O Plenário do Supremo Tribunal Federal (STF) decidiu, por maioria, que é possível recorrer de uma decisão do Tribunal do Júri que absolva um réu sem fundamentação específica e contrária às provas dos autos, especialmente quando a absolvição ocorre por motivos como clemência, piedade ou compaixão. A decisão foi tomada nesta quarta-feira (2), na conclusão do julgamento do Recurso Extraordinário com Agravo (ARE) 1225185, com repercussão geral (Tema 1.087).
A tese final que deve orientar decisões judiciais em casos semelhantes ainda não foi definida, e o julgamento será retomado em data futura.
Quesito genérico e soberania do júri
O Código de Processo Penal (CPP) permite que os jurados respondam a três perguntas: se houve o crime, quem foi o autor e se o réu deve ser absolvido. O chamado “quesito genérico” possibilita que o réu seja absolvido sem que haja uma justificativa específica, mesmo quando os jurados já tenham reconhecido a prática e a autoria do delito. Esse tipo de absolvição pode ocorrer por razões como compaixão, o que, para muitos juristas, coloca em debate a soberania dos veredictos do tribunal do júri, garantida pela Constituição Federal.

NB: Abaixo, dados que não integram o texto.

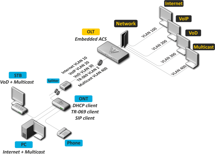 - Модель «VLAN на сервис». Абоненты одной услуги находятся в одной VLAN.

A soberania do júri assegura a independência das decisões populares, garantindo que a análise dos fatos seja feita pela própria sociedade, por meio dos jurados.
O caso concreto
No caso que gerou o Recurso Extraordinário, o júri popular de Minas Gerais absolveu um homem acusado de tentativa de homicídio, apesar de reconhecer que ele cometeu o crime. A absolvição ocorreu em razão de a vítima ser responsabilizada pelo homicídio do enteado do acusado. O Tribunal de Justiça de Minas Gerais (TJ-MG), fundamentando-se na soberania do júri, negou o recurso do Ministério Público estadual que pedia a revisão da absolvição.
Votos favoráveis ao recurso
A maioria dos ministros, liderada por Edson Fachin, votou pela possibilidade de recurso, entendendo que a revisão da decisão do júri por outro tribunal, nesses casos, não viola a soberania dos veredictos. O ministro Flávio Dino defendeu que o tribunal de apelação tem o papel de filtrar a decisão do júri, podendo determinar a realização de um novo julgamento caso considere que a absolvição por clemência não foi razoável. Se, no novo julgamento, o réu for novamente absolvido, a decisão deve ser mantida.
Divergências
Por outro lado, os ministros Cristiano Zanin e André Mendonça se posicionaram contra a possibilidade de um segundo julgamento nessas circunstâncias, argumentando que a absolvição por compaixão reflete o sentimento dos jurados em relação ao réu, não sendo fundamentada exclusivamente nas provas dos autos. Eles admitem a possibilidade de recurso apenas em casos envolvendo clemência relacionada a racismo, homofobia ou defesa da honra, tema já declarado inconstitucional pelo STF na ADPF 779.
Soberania dos veredictos
O julgamento teve início no Plenário Virtual e foi reiniciado no plenário físico na quarta-feira (25). O ministro aposentado Celso de Mello, que acompanhava o relator Gilmar Mendes, defendeu que permitir um segundo julgamento nessas situações esvaziaria a soberania dos veredictos, sendo ambos votos vencidos.
Legislação de referência
- Código de Processo Penal, Art. 593, III, d:
“A apelação poderá ser interposta no prazo de 5 (cinco) dias, contados da intimação da decisão, quando a decisão dos jurados for manifestamente contrária à prova dos autos.” - Constituição Federal, Art. 5º, XXXVIII:
“É reconhecida a instituição do júri, com a organização que lhe der a lei, assegurados: a) a plenitude de defesa; b) o sigilo das votações; c) a soberania dos veredictos; d) a competência para o julgamento dos crimes dolosos contra a vida.”